START DATA

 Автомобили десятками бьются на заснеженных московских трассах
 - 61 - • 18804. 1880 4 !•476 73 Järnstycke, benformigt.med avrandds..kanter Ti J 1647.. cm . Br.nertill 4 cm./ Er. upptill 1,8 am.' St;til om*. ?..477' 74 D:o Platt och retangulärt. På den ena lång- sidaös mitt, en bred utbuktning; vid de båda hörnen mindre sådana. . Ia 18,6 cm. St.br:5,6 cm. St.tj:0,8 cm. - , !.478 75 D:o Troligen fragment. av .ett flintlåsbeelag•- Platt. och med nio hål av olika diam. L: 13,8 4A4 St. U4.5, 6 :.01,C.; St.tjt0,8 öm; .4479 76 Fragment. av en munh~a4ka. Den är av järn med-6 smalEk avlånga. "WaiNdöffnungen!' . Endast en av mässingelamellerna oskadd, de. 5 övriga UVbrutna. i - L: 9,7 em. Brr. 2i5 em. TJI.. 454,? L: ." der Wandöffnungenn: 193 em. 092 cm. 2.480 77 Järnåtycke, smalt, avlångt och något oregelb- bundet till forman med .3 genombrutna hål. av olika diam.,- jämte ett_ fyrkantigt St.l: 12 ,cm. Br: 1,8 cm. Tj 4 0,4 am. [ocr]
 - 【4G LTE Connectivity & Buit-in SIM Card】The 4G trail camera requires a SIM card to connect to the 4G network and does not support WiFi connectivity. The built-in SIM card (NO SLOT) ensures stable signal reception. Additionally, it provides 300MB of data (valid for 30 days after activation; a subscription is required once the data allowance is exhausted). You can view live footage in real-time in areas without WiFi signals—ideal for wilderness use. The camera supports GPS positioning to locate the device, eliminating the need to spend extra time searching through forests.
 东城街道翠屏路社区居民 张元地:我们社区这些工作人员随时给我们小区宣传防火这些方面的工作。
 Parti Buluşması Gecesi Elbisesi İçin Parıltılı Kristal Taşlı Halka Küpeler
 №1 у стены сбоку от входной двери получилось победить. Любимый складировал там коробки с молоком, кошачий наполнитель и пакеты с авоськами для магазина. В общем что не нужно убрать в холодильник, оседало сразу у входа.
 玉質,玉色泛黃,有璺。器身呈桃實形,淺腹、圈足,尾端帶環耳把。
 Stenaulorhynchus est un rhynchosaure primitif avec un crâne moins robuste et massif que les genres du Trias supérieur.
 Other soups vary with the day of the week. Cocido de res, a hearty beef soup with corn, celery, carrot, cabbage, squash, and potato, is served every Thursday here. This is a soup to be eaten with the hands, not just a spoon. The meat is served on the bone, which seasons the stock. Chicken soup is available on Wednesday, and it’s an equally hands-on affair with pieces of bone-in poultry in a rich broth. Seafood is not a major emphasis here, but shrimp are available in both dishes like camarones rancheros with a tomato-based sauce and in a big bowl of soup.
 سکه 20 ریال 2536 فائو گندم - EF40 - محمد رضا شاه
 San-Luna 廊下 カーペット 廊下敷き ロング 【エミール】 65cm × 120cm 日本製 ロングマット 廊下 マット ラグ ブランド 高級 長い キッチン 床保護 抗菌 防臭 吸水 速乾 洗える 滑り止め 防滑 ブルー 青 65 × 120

END DATA
START DATA

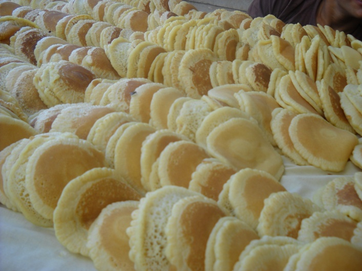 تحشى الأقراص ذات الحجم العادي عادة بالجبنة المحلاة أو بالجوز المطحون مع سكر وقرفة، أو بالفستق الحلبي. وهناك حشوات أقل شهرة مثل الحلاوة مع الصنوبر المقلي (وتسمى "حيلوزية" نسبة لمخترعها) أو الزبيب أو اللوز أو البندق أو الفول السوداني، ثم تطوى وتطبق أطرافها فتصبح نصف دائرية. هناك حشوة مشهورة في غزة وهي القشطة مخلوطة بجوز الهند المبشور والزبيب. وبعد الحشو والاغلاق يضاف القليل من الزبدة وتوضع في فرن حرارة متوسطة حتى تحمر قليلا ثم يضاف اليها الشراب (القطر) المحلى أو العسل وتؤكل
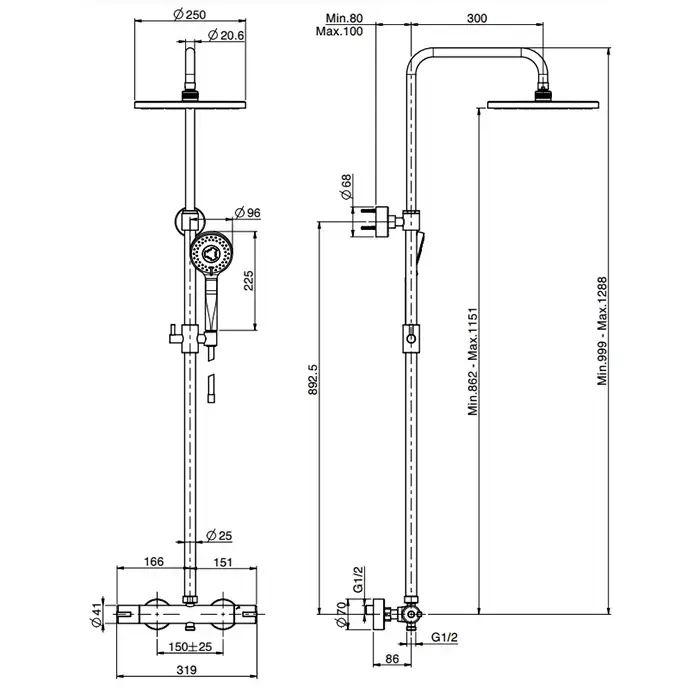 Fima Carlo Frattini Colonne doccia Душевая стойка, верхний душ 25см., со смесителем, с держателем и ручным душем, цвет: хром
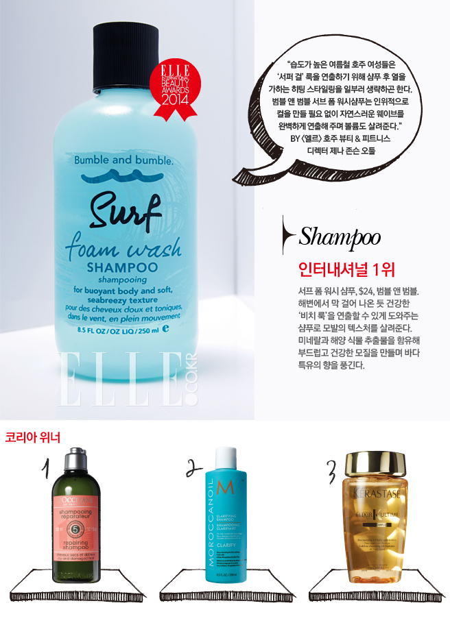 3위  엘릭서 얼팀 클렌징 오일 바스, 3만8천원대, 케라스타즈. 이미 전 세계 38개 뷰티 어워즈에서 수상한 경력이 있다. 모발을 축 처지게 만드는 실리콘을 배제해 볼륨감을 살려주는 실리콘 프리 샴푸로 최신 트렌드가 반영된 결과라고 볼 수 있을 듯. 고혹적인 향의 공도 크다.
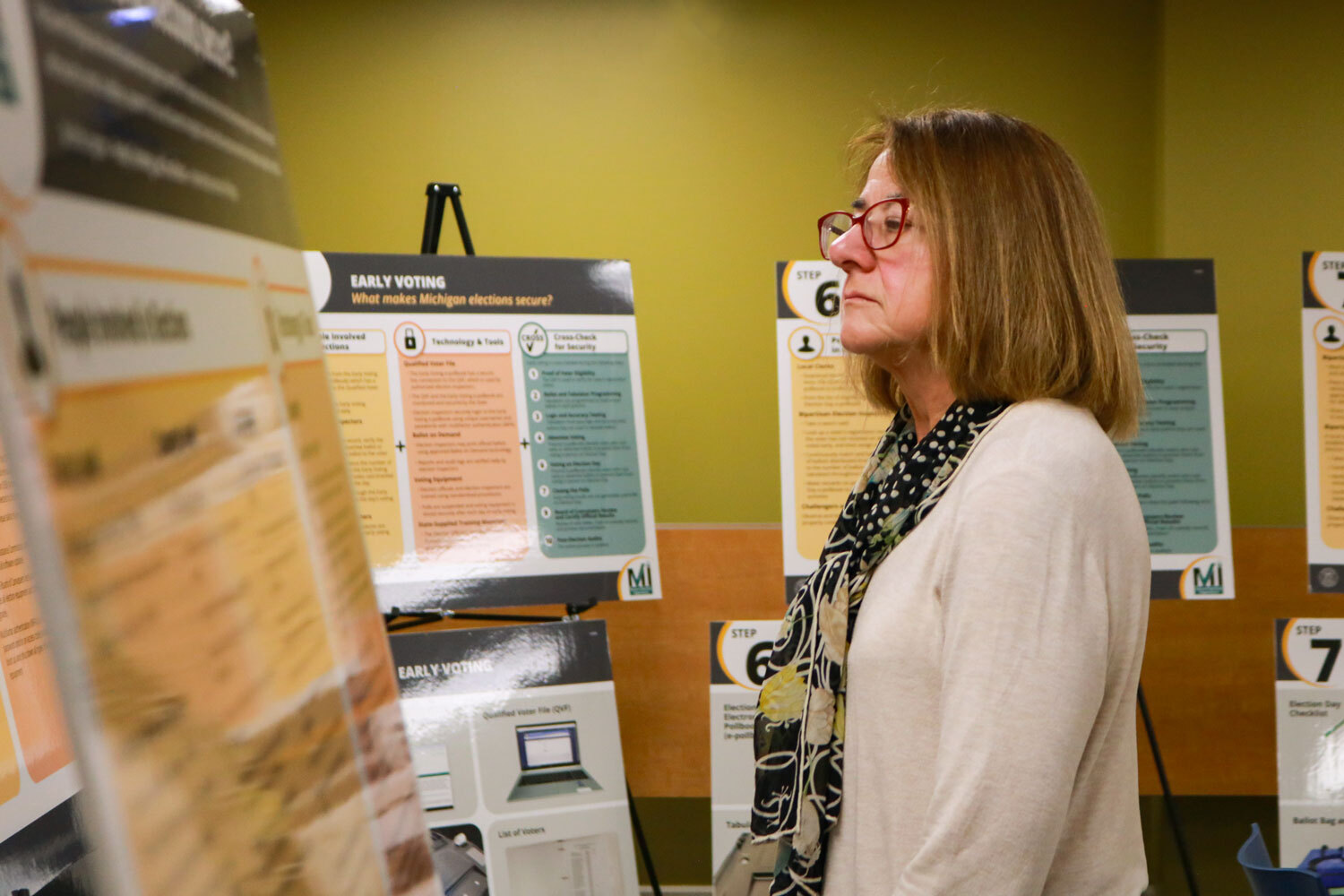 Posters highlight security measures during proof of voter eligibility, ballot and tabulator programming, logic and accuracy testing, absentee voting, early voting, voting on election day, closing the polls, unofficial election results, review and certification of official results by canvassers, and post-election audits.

END DATA

__PROBLEM REQUIREMENTS__
Output exactly the lines above that lie between the line with "Fima Carlo Frattini" and the line with "Posters highlight security", those two lines included, and no pictures.

__ANSWER AREA__
 Fima Carlo Frattini Colonne doccia Душевая стойка, верхний душ 25см., со смесителем, с держателем и ручным душем, цвет: хром
 3위  엘릭서 얼팀 클렌징 오일 바스, 3만8천원대, 케라스타즈. 이미 전 세계 38개 뷰티 어워즈에서 수상한 경력이 있다. 모발을 축 처지게 만드는 실리콘을 배제해 볼륨감을 살려주는 실리콘 프리 샴푸로 최신 트렌드가 반영된 결과라고 볼 수 있을 듯. 고혹적인 향의 공도 크다.
 Posters highlight security measures during proof of voter eligibility, ballot and tabulator programming, logic and accuracy testing, absentee voting, early voting, voting on election day, closing the polls, unofficial election results, review and certification of official results by canvassers, and post-election audits.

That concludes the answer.